Clone this repository :

git clone https://github.com/AdrienC21/covid-discrete-stochastic-model.git

Usage

Run a simulation knowing the parameters (alpha, beta, gamma) :

Edit the file simulation_parameters.py with the following information :

N = 700  # total population
delta_t = 10  # time step in seconds
alpha = 8.867883874357922e-07  # death rate
beta = 2.9340382291178016e-07  # virus spread speed
gamma = 2.6457998446967257e-07  # cure rate

Run run_simulation.py to obtain the predicted number of infected individuals.

Fit our model to obtain alpha, beta, gamma :

Edit the file optimizer_parameters.py with the following information :

N = 70  # total population
delta_t = 3600  # in seconds
# boundaries for  1 / 1000 * alpha, same for beta & gamma
bounds = tuple([(1., 5000.), (1., 5000.), (1., 5000.)])
maxiter = 50  # maximum number of iterations
# multiply our number of infected (more accurate predictions)
scale_factor = 500
country = "France"
normalize_pop = 1000000  # recommanded : real population number / N

Run run_optimizer.py to obtain alpha, beta and gamma using optimization methods.

Documentation

utils.py

extract_data

country = "France"
L = extract_data(country)

Extract the data corresponding to one country (number of infected individuals, dead people and cured ones). Sort by date.

calculate_transition_matrix

N = 700  # total population
delta_t = 10  # time step in seconds
alpha = 8.867883874357922e-07  # death rate
beta = 2.9340382291178016e-07  # virus spread speed
gamma = 2.6457998446967257e-07  # cure rate
M = calculate_transition_matrix(alpha, beta, gamma, delta_t, N)

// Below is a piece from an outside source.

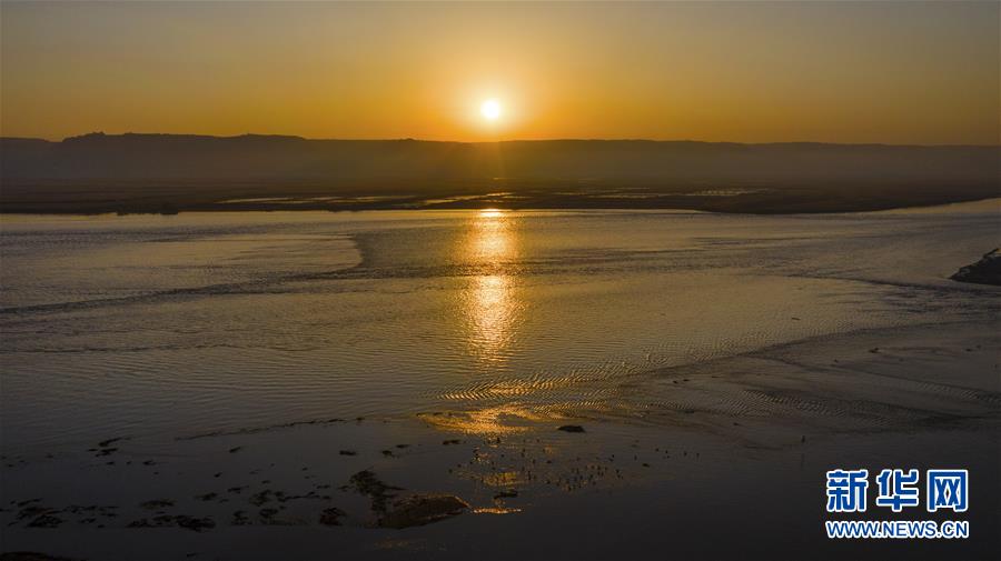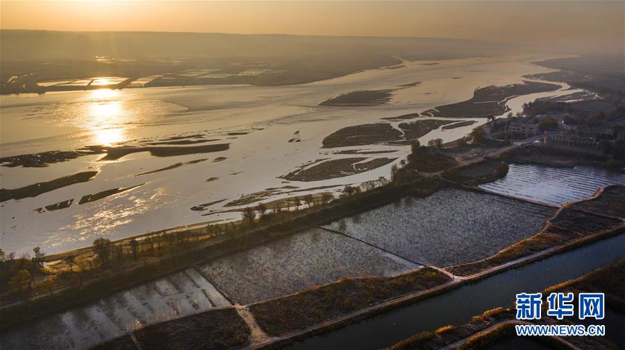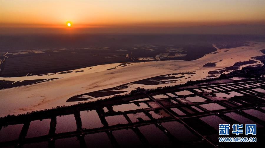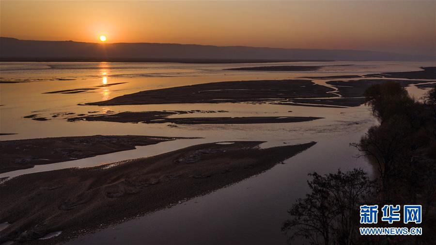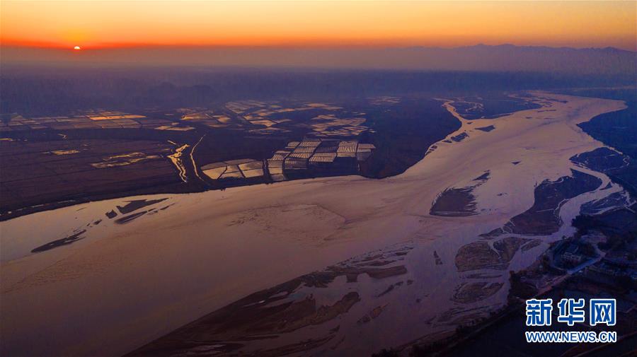 12月4日无人机拍摄的黄河合阳段日出景色。清晨,在黄河陕西省合阳段,河滩在朝霞的映照下,景色迷人。新华社记者陶明摄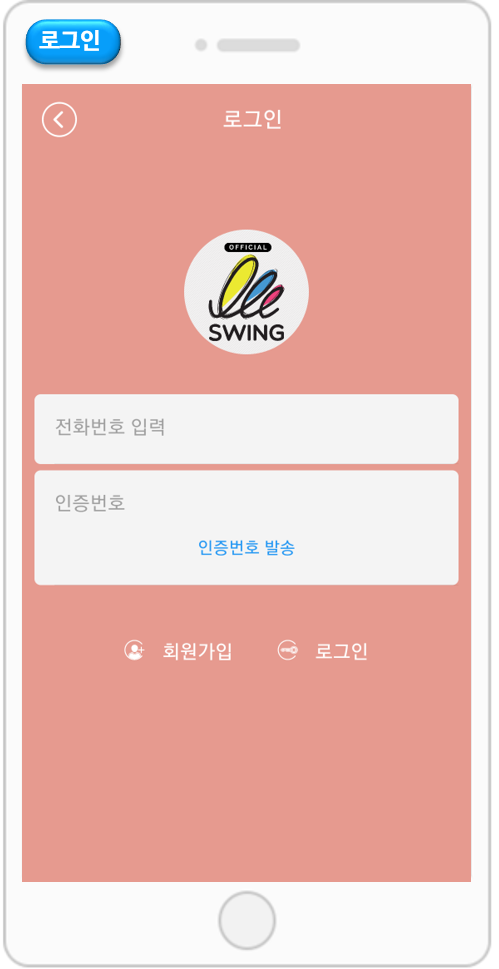 전화번호 아이디로 설정한 경우 앱 실행시 회원가입 창에서 전화번호 입력 후 인증번호를 발송하게 되어 있습니다.

Return the transition matrix of the model.

predict

x = np.array([alpha, beta, gamma])
prediction_array = predict(x)

Predict the number of infected people at each timestamp.

f

x = np.array([alpha, beta, gamma])
MSE = f(x)

Calculate the MSE (Mean Squared Error) between our predictions and the reality (Y). This is the function we want to minimize in order to obtain the best estimation for our parameters alpha, beta and gamma.